What is needed
What are the lines, word for word, from the line with "在鲍威尔发表演讲的同一天,特朗普 4 月" up to and including the line with "En esta edició" in the records below? Omit the pictures.

Data for the task

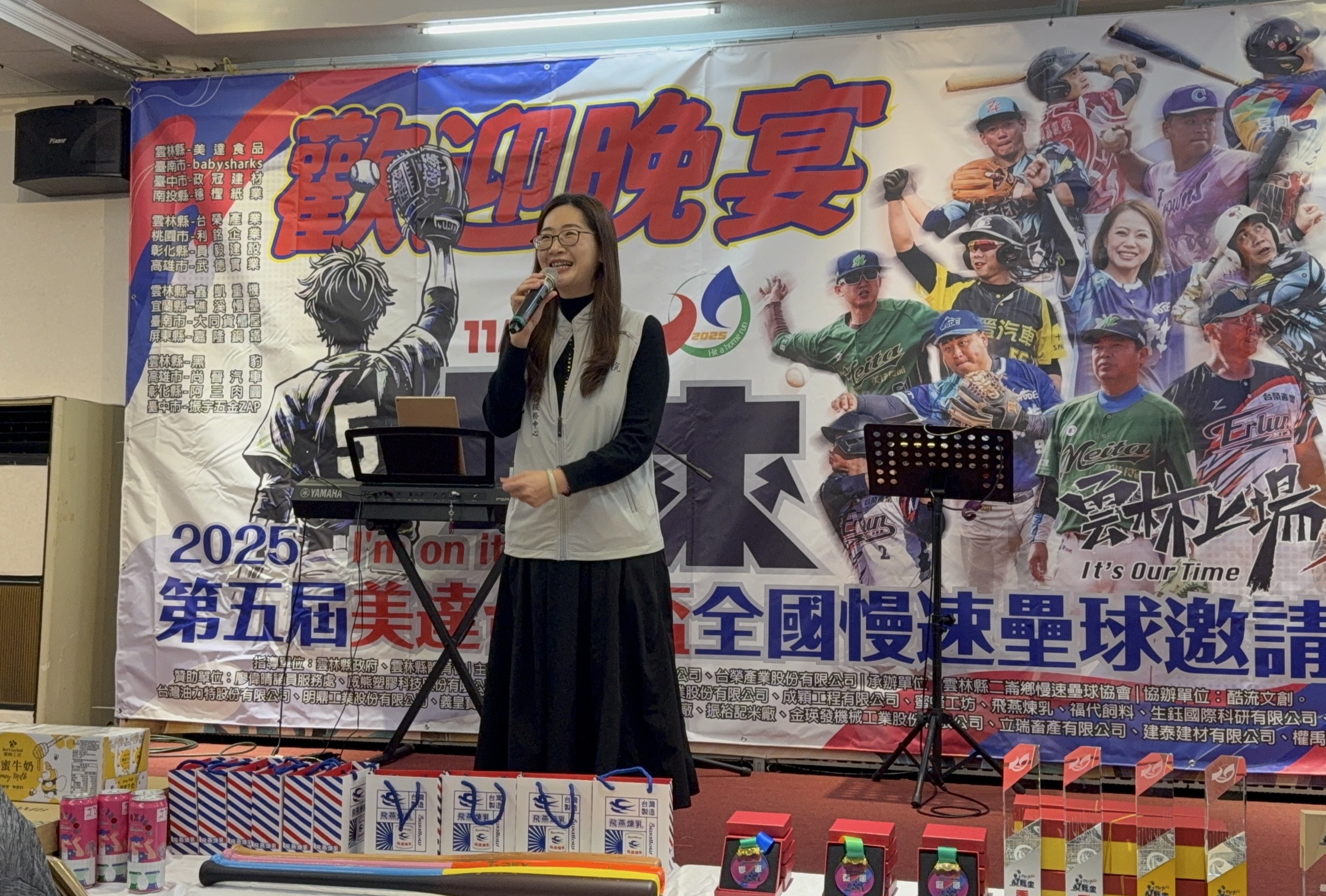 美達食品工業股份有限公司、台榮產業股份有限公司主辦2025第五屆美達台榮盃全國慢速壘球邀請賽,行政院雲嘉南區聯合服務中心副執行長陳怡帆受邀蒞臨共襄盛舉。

...

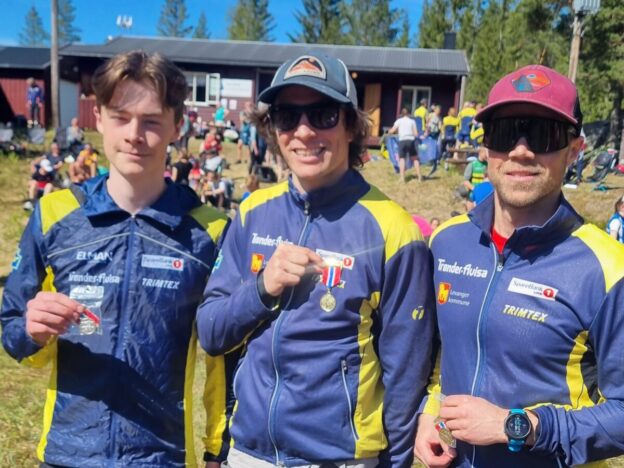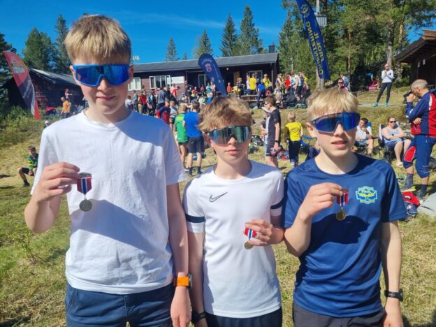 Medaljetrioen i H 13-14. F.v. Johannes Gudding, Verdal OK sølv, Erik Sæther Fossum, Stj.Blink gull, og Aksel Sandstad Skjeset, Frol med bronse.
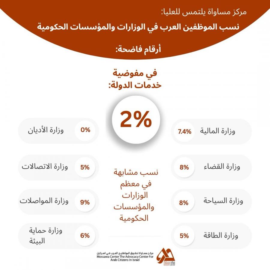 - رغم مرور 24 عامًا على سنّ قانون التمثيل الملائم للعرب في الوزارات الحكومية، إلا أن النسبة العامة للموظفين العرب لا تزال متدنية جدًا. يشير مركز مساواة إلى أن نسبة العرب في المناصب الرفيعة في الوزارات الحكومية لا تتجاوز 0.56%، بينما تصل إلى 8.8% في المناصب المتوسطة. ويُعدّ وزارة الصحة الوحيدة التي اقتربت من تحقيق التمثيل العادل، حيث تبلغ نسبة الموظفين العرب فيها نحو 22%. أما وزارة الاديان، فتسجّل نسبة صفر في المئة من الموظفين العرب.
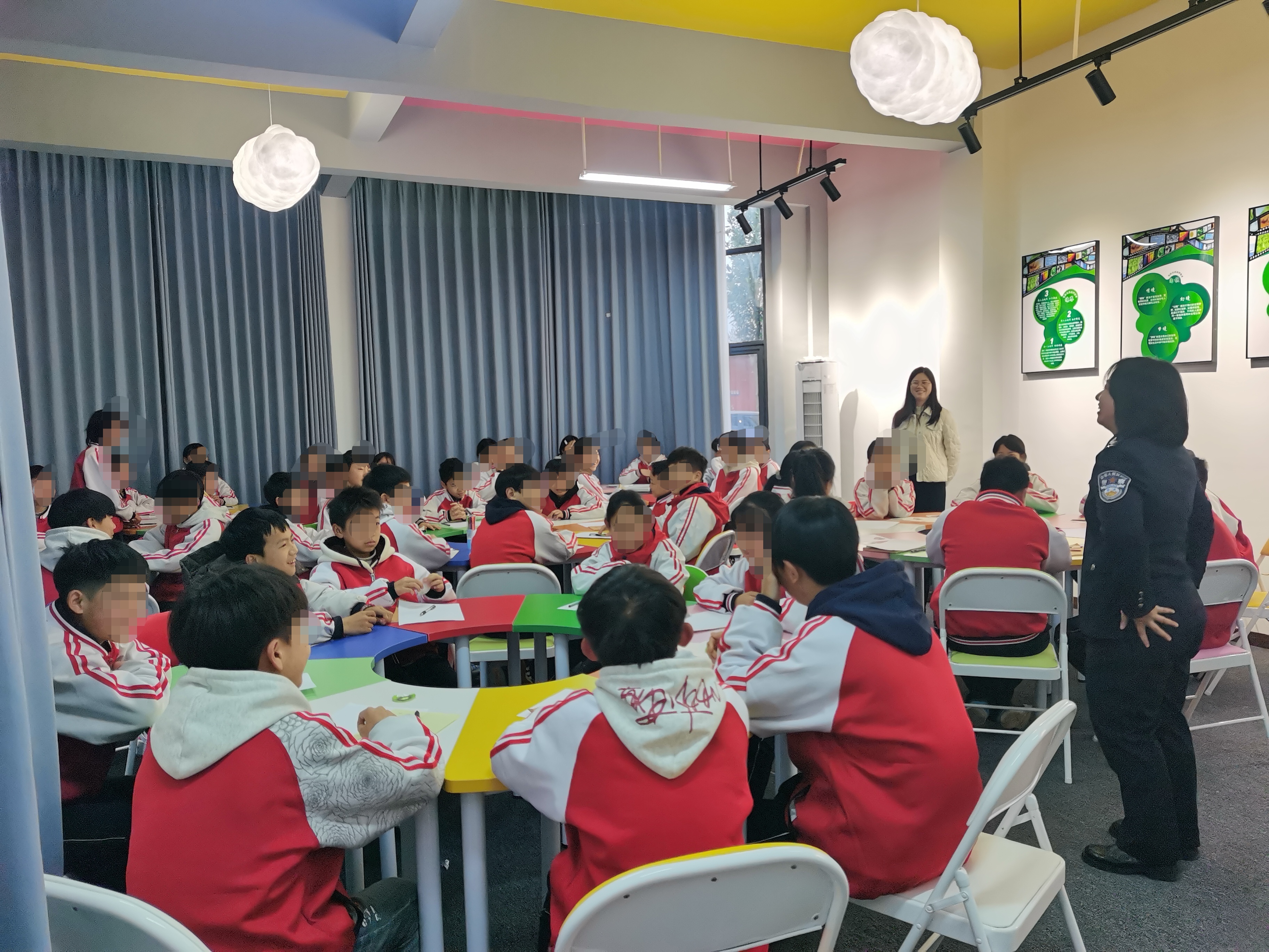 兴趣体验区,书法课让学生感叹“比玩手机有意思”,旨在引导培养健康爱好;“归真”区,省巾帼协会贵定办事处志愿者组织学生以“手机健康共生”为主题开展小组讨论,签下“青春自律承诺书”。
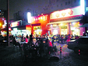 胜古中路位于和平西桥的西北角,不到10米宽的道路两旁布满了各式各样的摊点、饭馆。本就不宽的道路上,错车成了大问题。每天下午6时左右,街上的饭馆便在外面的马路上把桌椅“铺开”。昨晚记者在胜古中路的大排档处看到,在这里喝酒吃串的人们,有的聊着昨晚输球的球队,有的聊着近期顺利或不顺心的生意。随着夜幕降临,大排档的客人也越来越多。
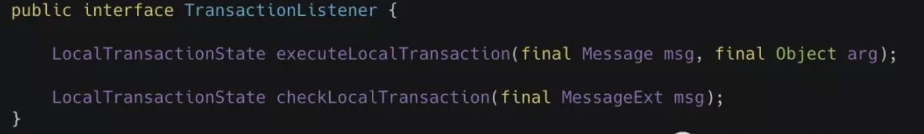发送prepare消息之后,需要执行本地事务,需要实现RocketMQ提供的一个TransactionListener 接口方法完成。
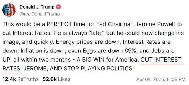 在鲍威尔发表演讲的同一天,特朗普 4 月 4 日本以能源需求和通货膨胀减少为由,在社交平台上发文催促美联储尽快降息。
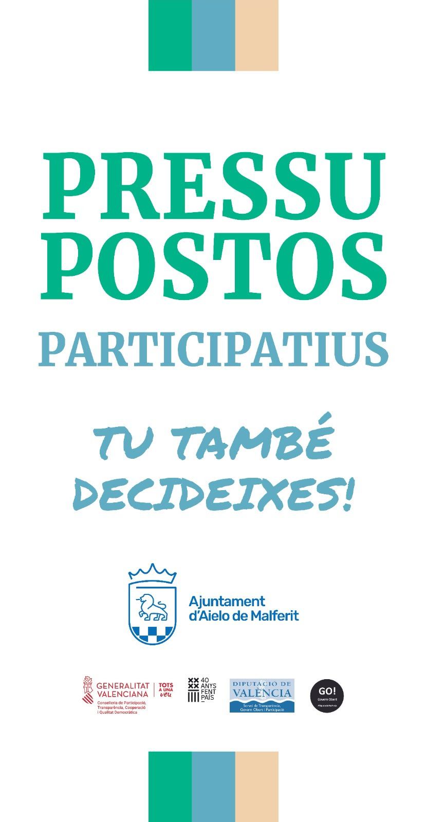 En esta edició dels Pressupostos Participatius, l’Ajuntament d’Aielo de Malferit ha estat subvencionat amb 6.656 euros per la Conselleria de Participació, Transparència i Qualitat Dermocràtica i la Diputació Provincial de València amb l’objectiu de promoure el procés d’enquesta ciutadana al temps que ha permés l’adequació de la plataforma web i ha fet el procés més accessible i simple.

Result below
 在鲍威尔发表演讲的同一天,特朗普 4 月 4 日本以能源需求和通货膨胀减少为由,在社交平台上发文催促美联储尽快降息。
 En esta edició dels Pressupostos Participatius, l’Ajuntament d’Aielo de Malferit ha estat subvencionat amb 6.656 euros per la Conselleria de Participació, Transparència i Qualitat Dermocràtica i la Diputació Provincial de València amb l’objectiu de promoure el procés d’enquesta ciutadana al temps que ha permés l’adequació de la plataforma web i ha fet el procés més accessible i simple.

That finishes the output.